GM to reprogram some oil-life monitors
Worn chains in four-cylinder engines prompts service campaign

My 2012 Camry says use only 0W20 except in an emergency when you can use 5W20 and change back to 0W20 at Half the normal interval.

@TT, no, it just shows that the current MO is to “extend, then titrate downward as necessary.” Also goes to show just how bad wear has to be to concern OEM.///Also, far from the only example: Toyota sludging, M-B got sued…I’m sure there’s more…

“M-B got sued…”

I was at the dealership at the time

When Benz initially came out with 10K service intervals, they didn’t require synthetic oil

After that fiasco, they absolutely required the use of synthetic oil

The problem was in 1998 and some 1999 models

Since then, it’s been fine, except for those guys that insist on going 10K on conventional oil, in spite of the requirement to use synthetic oil, which they choose to ignore. Those engines still get sludged up. But it’s the customer’s fault, because the word is out on the street.

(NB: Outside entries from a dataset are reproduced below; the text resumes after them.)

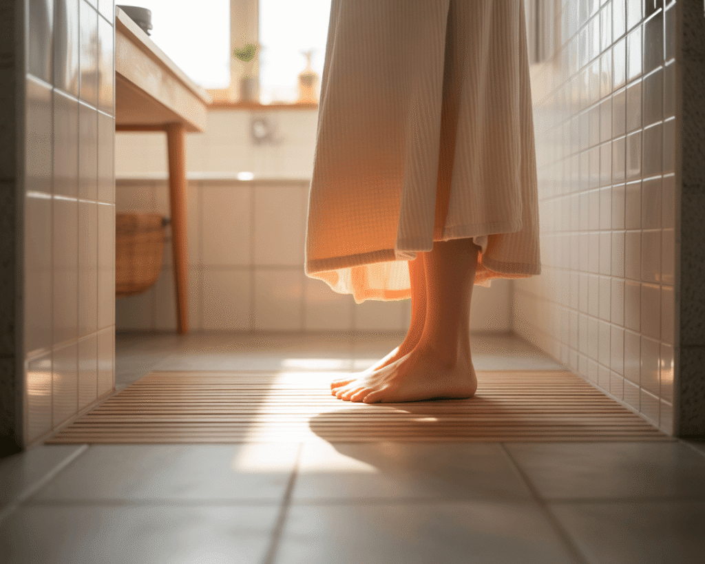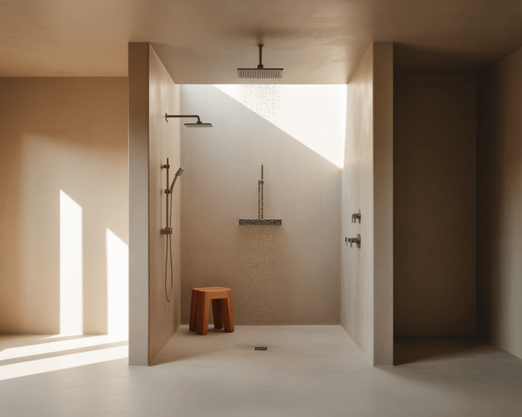 Consider a curbless entry if you’re doing a full renovation. The seamless transition from bathroom floor to shower floor creates incredible visual flow. Add a teak shower stool, and you’ve got yourself a proper wet room experience.
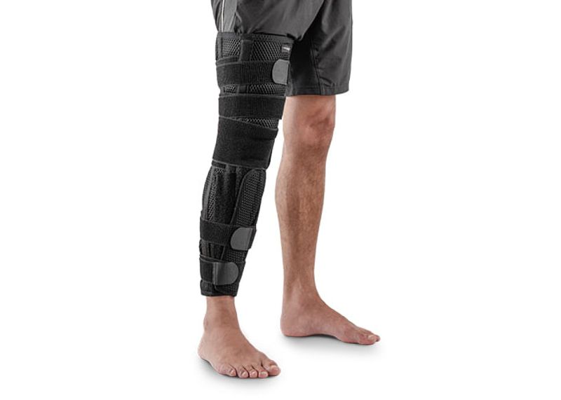 Imobilizador de Joelho Hidrolight Comfort Air Largo 70cm PretoO Imobilizador de Joelho Hidrolight Comfort Air Largo 70cm Preto é indicado para pós-operatório, instabilidade de artroses, artrites reumatoides, afecções traumáticas, substituição do gesso e treinos de ortostatismo. Imobilizador de Joelho Hidrolight Comfort Air oferece imobilização e estabilidade na articulação do joelho, proporcionando um maior conforto devido ao seu material de qualidade. Possui cinco talas que garantem segurança e proteção. Ajuste através das faixas com fecho aderente.Tamanhos:Largo:Circunferência da coxa 80cm.Circunferência da canela 40cm.Alturas - 50cm, 60cm e 70cm.Instruções de Uso:1 - Abra o produto completamente e posicione o imobilizador atrás do joelho.2 - Feche as abas superiores ajustando a compressão em torno da coxa. 3 - Feche as abas inferiores ajustando a compressão em torno da canela. 4 - Ajuste a faixa elástica central em torno do joelho. 5 - Ajuste as duas faixas elásticas superiores em torno da coxa. 6 - Ajuste as duas faixas elásticas inferiores em torno da canela.Composição:90% poliéster, 10% elastodieno, 5 talas 100% alumínio, 5 talas PVC.Autorização e Cadastro ANVISA8.07.582-1 | 80758210028
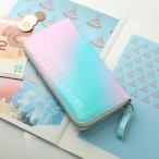 クロコダイル パステルカラー グラデーション デザイン ラウンドファスナー 長財布 マット 鰐革 本革 財布 (06001906r)
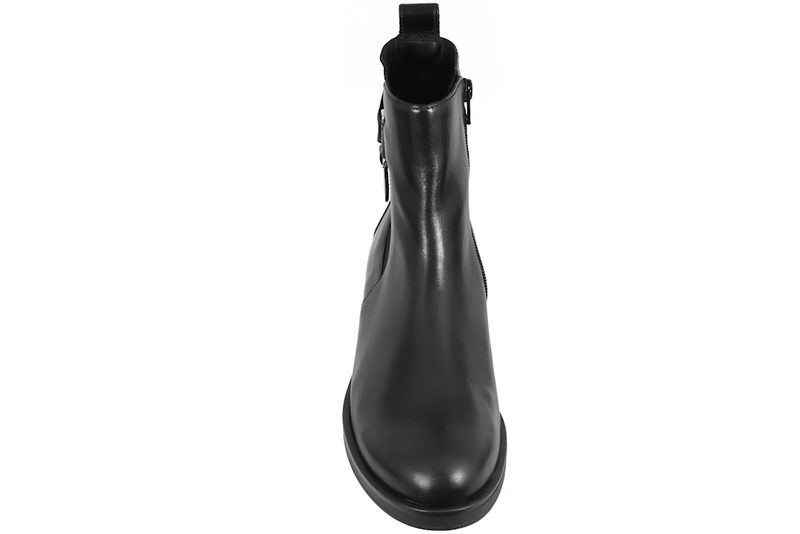 Super fin støvle fra Gabor til dame. Støvlen er lavet af sort glat skind, og har en fin detalje på ydersiden. På ydersiden er der elastik, og på indersiden er der en lynlås, som gør støvlen nem at komme i og få af. Indvendigt er støvlen foret med sort tekstil. Indlægssålen er lavet af sort skind. Sålen er lavet af sort gummi, og har en lille hæl på 3,5 cm. En super fin støvle til dame.
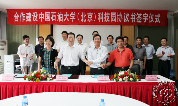 6月18日上午,广东榕泰实业股份有限公司、北京金惠友创业投资管理中心、北京市昌平区科技交流与合作促进中心与中国石油大学合作建设中国石油大学(北京)科技园协议书签字仪式在石大翠宫第五会议室举行。教育部贾一伟处长、昌平区副区长方炎、北京市校办产业管理中心主任翟士良、北京市科委主管工程师龙华东以及昌平区科委、财政局、招商局、中关村科技园区昌平园管委会和三家共建企业的有关领导,校长张来斌,副校长徐春明,以及学校相关职能部门、学院和校产总公司的负责人共40多人参加了签字仪式。签字仪式由徐春明主持。
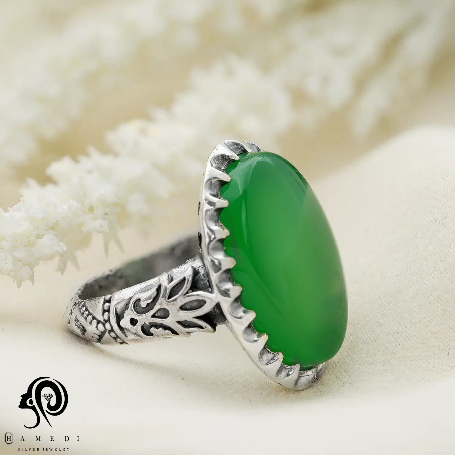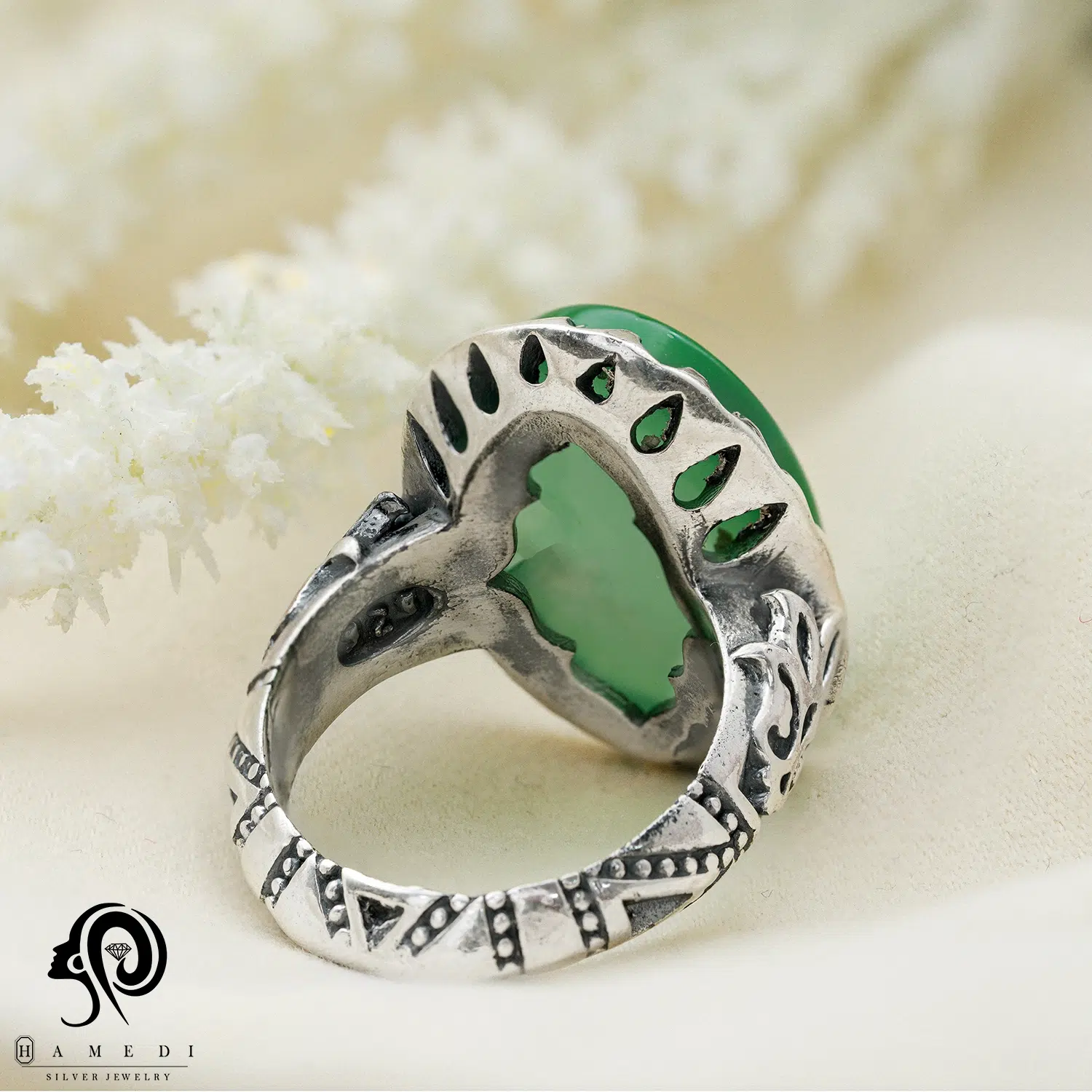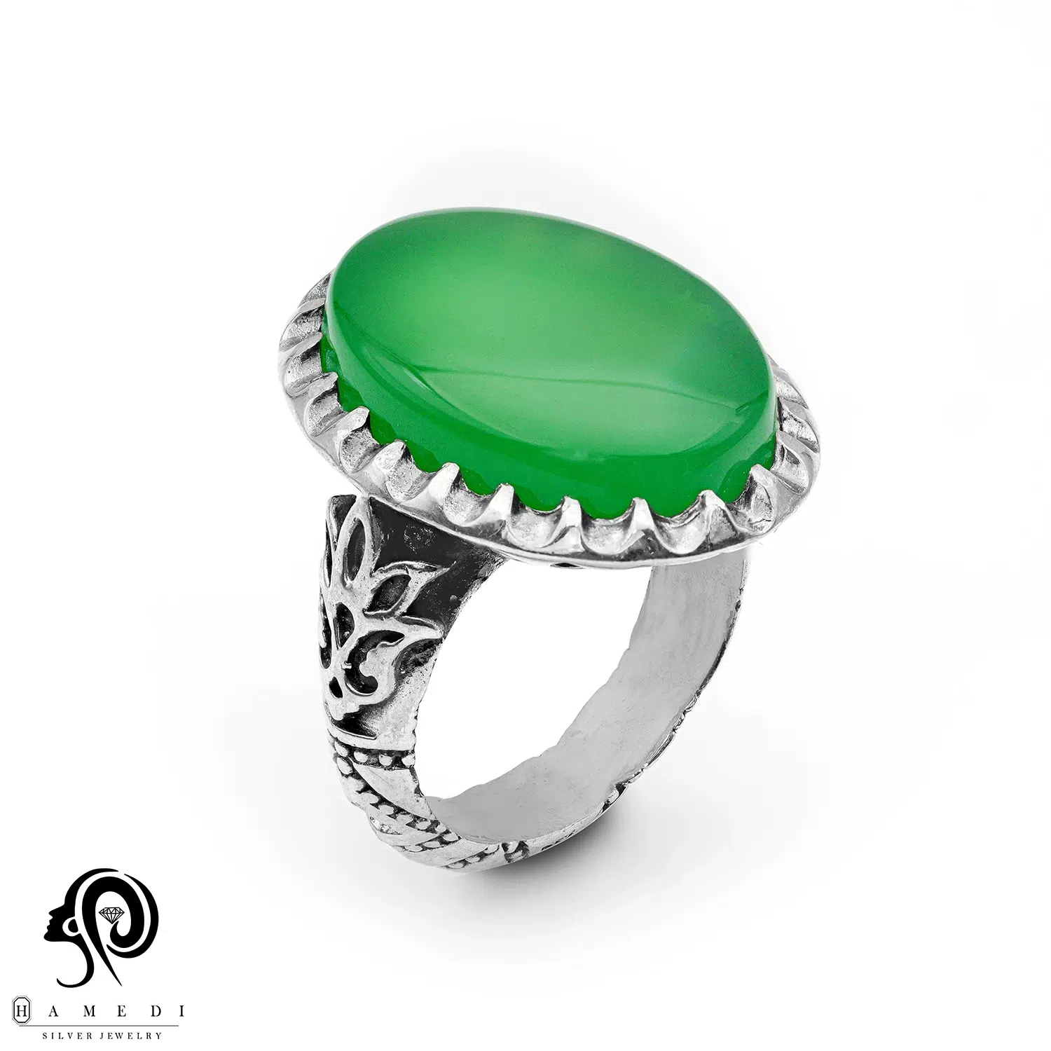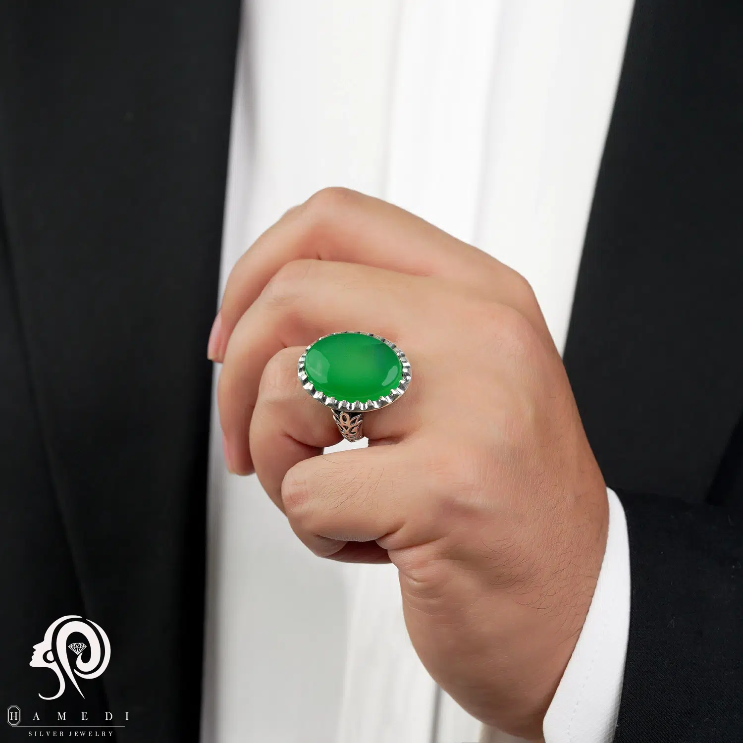 انگشتر نقره مردانه عقیق سبز مدل RIM AS12 یکی از لوکسترین و پرطرفدارترین انگشتر های عقیق گالری حامدی است.

You have a new car why not just have the dealer change the oil so there will not be a question about service if you should need warranty service. The last 3 new cars we bought either had free oil changes or at least decent prices and I did not have to dispose of used oil. Besides while they are changing the oil I get free coffee and donuts.

You have a new car why not have the dealer change the oil and they will have records on hand if you have a warranty problem. The last 3 new cars we bought had free oil changes or at least decent prices and I did not have to dispose of the old oil. Besides while they change the oil I get free coffee and donuts.